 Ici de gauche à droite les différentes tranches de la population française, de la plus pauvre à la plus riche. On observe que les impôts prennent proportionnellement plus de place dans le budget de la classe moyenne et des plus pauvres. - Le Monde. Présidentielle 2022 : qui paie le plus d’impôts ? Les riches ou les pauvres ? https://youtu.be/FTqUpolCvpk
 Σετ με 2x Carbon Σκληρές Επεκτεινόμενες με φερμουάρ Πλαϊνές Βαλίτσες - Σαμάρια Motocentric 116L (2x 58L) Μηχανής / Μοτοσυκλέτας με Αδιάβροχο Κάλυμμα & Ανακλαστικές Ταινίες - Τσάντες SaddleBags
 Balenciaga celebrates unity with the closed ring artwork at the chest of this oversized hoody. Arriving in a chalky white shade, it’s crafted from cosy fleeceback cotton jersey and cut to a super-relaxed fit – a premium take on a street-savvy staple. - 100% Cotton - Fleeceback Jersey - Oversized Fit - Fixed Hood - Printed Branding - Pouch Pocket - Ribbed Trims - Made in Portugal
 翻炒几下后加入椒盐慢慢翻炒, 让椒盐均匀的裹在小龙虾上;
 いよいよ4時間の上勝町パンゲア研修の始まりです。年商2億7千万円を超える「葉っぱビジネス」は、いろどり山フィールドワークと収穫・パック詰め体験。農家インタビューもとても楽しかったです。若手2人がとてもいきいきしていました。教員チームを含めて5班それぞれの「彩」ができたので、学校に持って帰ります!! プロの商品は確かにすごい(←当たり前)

---

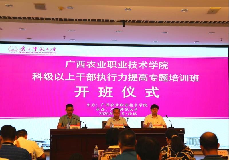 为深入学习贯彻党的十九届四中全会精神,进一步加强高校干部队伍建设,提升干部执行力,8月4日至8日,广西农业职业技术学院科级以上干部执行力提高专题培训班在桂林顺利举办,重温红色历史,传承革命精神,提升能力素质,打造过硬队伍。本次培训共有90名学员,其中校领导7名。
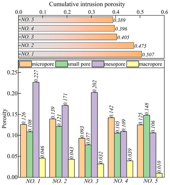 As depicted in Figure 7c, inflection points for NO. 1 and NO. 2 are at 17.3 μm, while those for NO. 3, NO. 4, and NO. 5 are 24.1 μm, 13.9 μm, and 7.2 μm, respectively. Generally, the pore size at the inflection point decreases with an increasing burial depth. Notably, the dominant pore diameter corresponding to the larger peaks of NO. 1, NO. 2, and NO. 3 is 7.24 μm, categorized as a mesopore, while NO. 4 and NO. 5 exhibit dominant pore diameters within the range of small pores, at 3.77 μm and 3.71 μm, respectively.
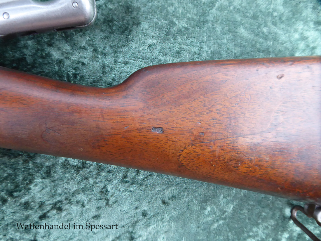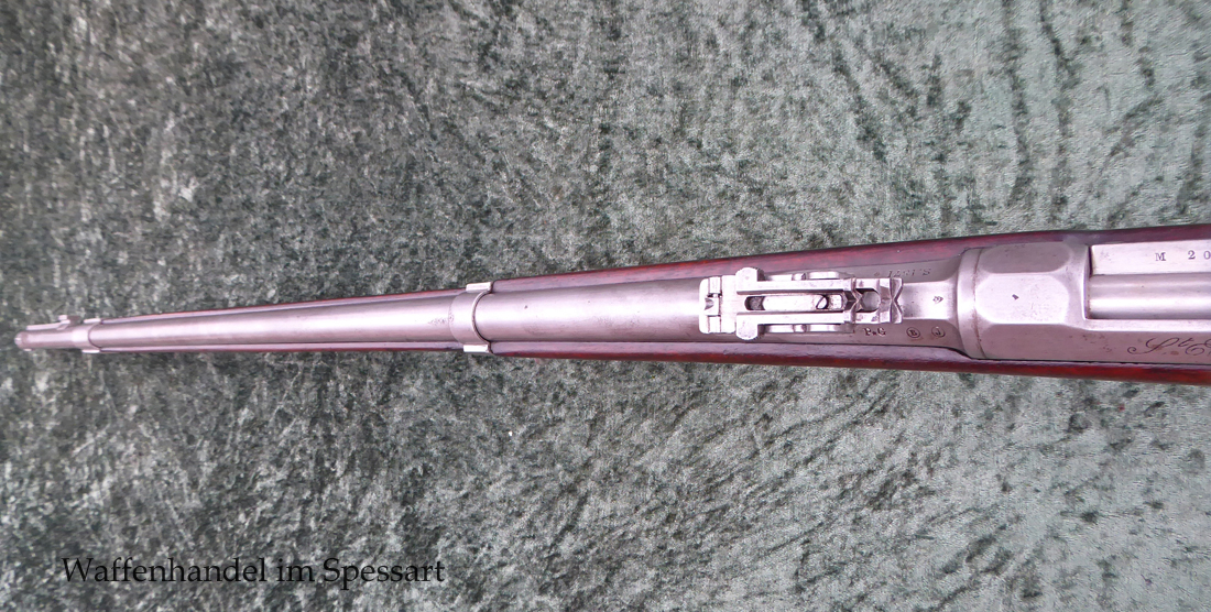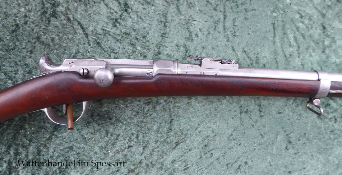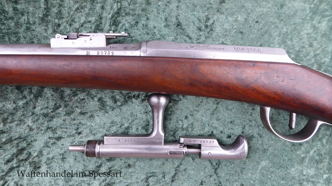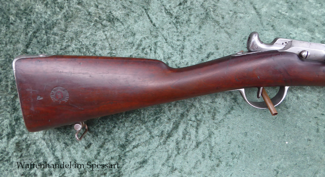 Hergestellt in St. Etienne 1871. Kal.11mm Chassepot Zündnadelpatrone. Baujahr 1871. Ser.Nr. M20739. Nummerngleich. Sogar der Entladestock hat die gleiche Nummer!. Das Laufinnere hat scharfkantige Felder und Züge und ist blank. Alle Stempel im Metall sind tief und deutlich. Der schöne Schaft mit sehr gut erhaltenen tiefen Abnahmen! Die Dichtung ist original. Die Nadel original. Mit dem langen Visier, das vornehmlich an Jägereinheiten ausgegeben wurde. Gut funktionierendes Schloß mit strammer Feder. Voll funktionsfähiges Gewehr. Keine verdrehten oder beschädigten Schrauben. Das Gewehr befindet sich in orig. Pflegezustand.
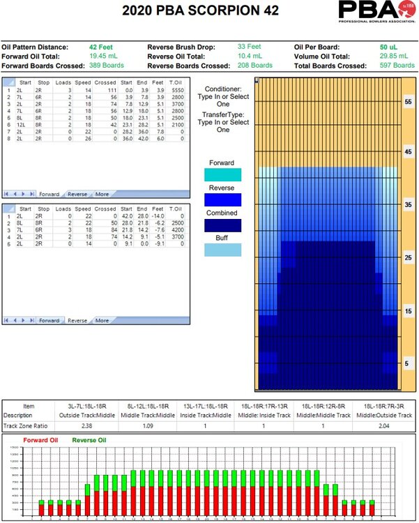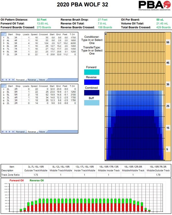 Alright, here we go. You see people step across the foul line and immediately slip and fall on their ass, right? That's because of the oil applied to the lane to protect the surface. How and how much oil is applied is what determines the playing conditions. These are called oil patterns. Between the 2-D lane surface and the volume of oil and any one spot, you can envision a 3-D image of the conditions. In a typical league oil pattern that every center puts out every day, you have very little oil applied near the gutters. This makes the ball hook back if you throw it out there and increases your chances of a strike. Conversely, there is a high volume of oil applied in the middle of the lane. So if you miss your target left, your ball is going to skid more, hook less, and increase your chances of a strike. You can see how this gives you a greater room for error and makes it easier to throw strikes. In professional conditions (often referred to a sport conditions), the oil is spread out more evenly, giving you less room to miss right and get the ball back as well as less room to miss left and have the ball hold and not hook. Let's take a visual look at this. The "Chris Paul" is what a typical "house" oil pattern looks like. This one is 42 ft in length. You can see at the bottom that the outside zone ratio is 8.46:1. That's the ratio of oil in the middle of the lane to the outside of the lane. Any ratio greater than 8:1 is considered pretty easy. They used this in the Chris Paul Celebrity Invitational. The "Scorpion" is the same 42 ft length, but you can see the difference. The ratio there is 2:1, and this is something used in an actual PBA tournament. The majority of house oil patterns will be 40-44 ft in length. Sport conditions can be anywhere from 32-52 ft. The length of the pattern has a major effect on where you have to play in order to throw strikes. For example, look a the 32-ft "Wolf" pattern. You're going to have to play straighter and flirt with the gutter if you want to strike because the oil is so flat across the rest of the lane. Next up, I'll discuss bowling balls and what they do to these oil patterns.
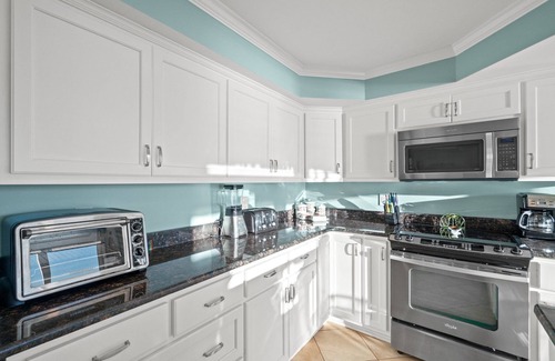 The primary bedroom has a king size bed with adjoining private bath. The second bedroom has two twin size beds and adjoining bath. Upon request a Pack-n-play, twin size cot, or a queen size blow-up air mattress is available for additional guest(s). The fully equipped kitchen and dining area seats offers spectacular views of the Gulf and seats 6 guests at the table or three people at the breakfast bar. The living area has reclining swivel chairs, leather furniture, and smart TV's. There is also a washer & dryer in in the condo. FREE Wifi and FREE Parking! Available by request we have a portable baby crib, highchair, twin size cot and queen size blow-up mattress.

* * *

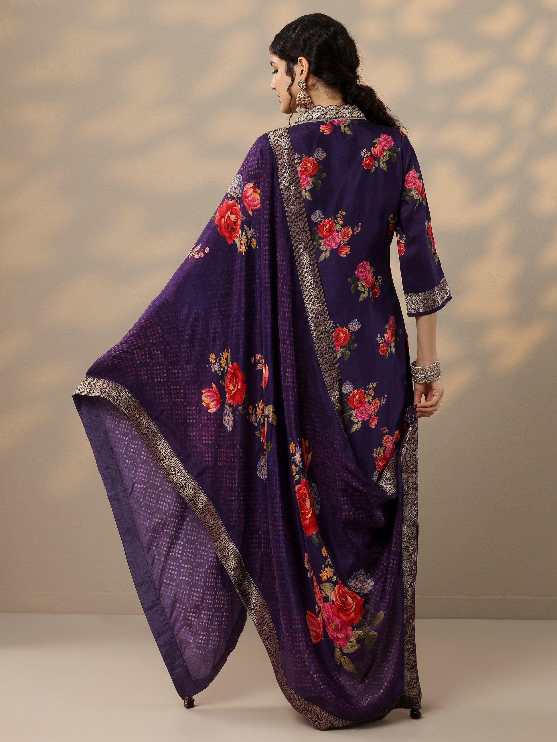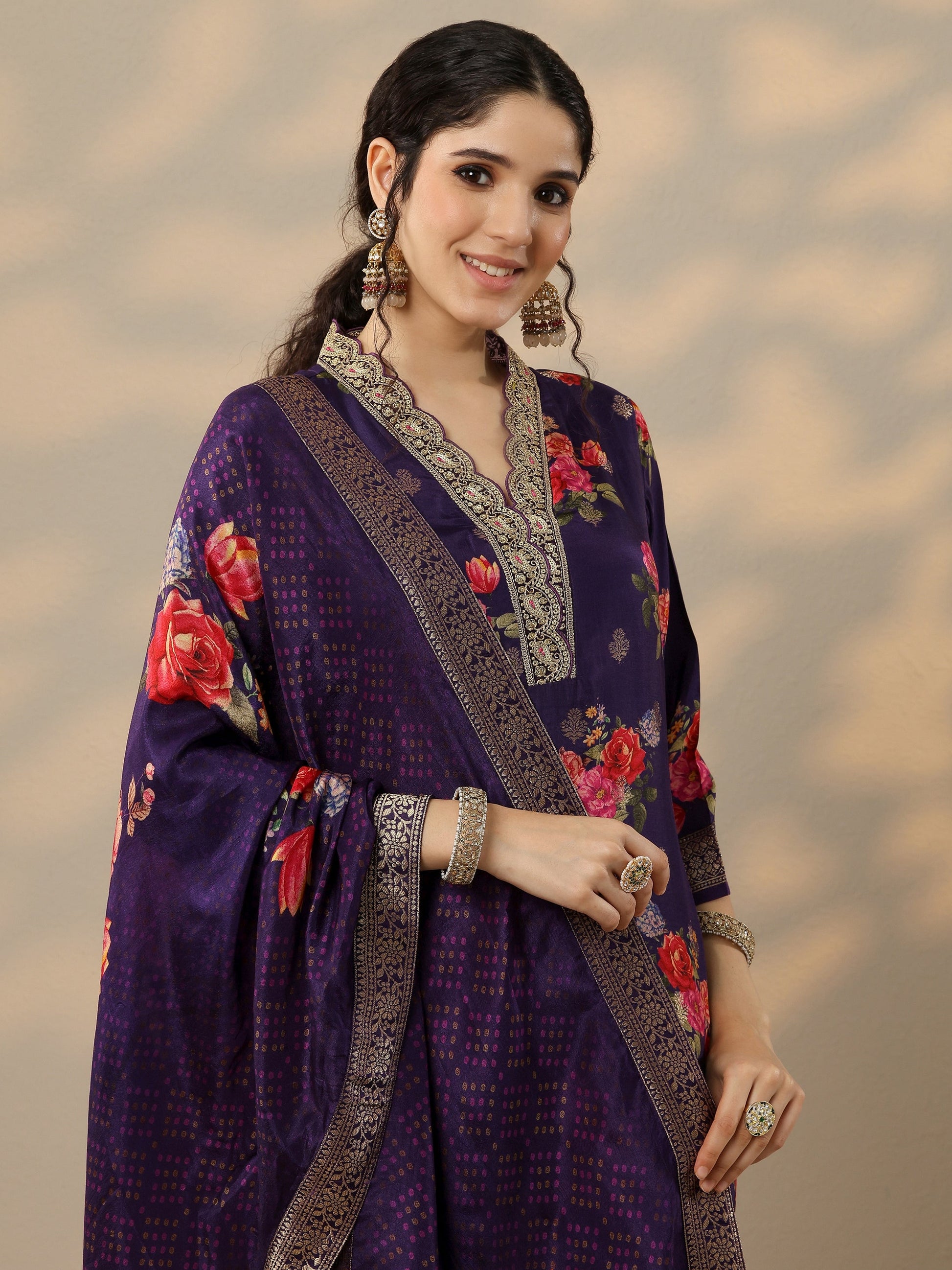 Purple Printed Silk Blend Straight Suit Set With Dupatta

TASK REQUIREMENTS. Would you please copy, word for word, everything above from the line containing "翻炒几下后加入椒盐慢慢翻炒, 让椒盐均匀的裹在小龙虾上;" down to the line containing "いよいよ4時間の上勝町パンゲ", those two lines included?

YOUR SOLUTION.
 翻炒几下后加入椒盐慢慢翻炒, 让椒盐均匀的裹在小龙虾上;
 いよいよ4時間の上勝町パンゲア研修の始まりです。年商2億7千万円を超える「葉っぱビジネス」は、いろどり山フィールドワークと収穫・パック詰め体験。農家インタビューもとても楽しかったです。若手2人がとてもいきいきしていました。教員チームを含めて5班それぞれの「彩」ができたので、学校に持って帰ります!! プロの商品は確かにすごい(←当たり前)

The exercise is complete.